Marceline pulled out a fistful of coins and laid another piece of silver beside the first, and then another. Then she opened her hand and showed him how much she had left in her palm.
She had learned Peck could control his face well, but she thought she saw a hint of true surprise at last. But then his face settled, and he smiled again. “It seems you have a talent.”
“Aye, and you’re not the first to say so.” She closed her hand again, slipped the coins back into her pocket. “Well?”
He sighed. “Well, I think you’re likely to be disappointed—” Marceline made to snatch the coins from in front of him, but he covered them with his hand, sparing her a forlornly reproving look. “I wasn’t finished. You’re likely to be disappointed, but I will tell you what I can.”
“Then tell,” Marceline said.
He leaned forward. “I was never anything so exalted as their comrade, but I knew one or two of them from … before their involvement, let’s say. My medicines, though you seem to have naught but scorn for them, have many uses, and I was happy to continue selling them to my old friends. If we gossiped to pass the time, who could blame us?”

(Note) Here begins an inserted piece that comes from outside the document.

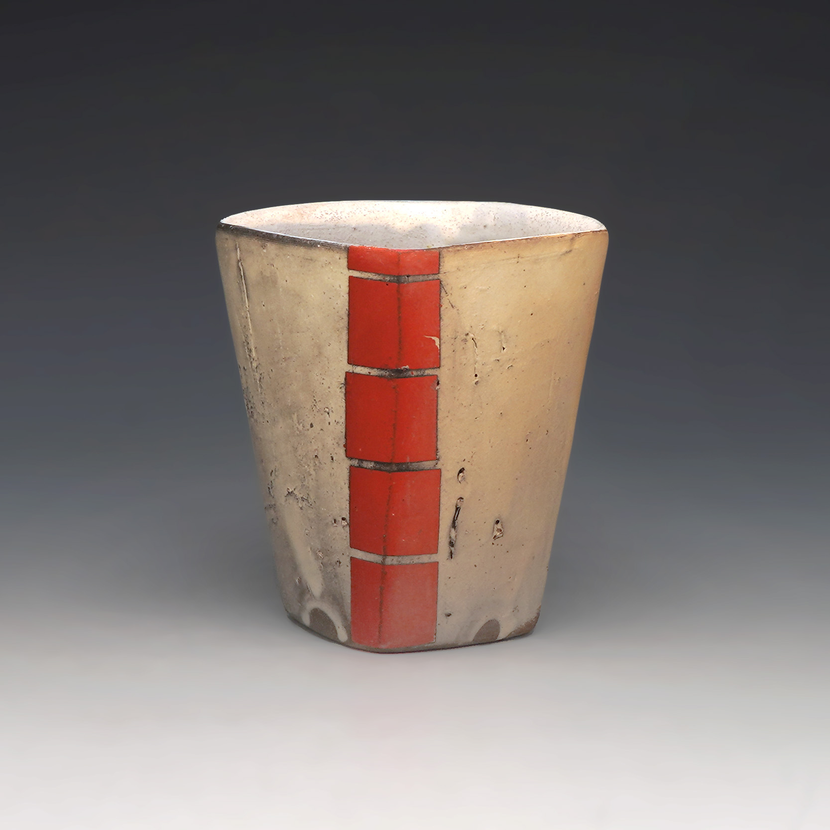 I seek a balance between tradition and modern. My pots have layers, first the decoration that is bright yet flat and in the foreground. My decoration is minimal or often a simple graphic, placement of this moment is essential to the focal point of each pot. Second the slip that is fluid and has a rich depth in surface. Finally, the ruggedness of the clay with scrapes and small pits. This cumulative journey of a pot tells a story. This story brings the user into the moment of making and firing. Slips, trimming lines, finger marks, edges, wad marks, drips, scratches and shadows capture a moment in time and tell more of the story. I react to every firing with new ideas and new information; this keeps the overall process fresh and exciting. A successful pot has depth through these processes, obtains humbleness through form and both a thoughtfulness and playfulness in function.

“So they came here regularly—or a couple of their members did.”
“Not according to any schedule, certainly. But I do sell my wares in finite quantities, so when they run out…”
“They come back for more. Fine. Who are the ones you knew from before?”
He shook his head, and when Marceline reached in her pocket again, he only repeated the gesture more fervently. “Enough trouble came down on me and them in this place, but we managed to elude the worst of it. I am not so greedy as to tempt fate a second time.”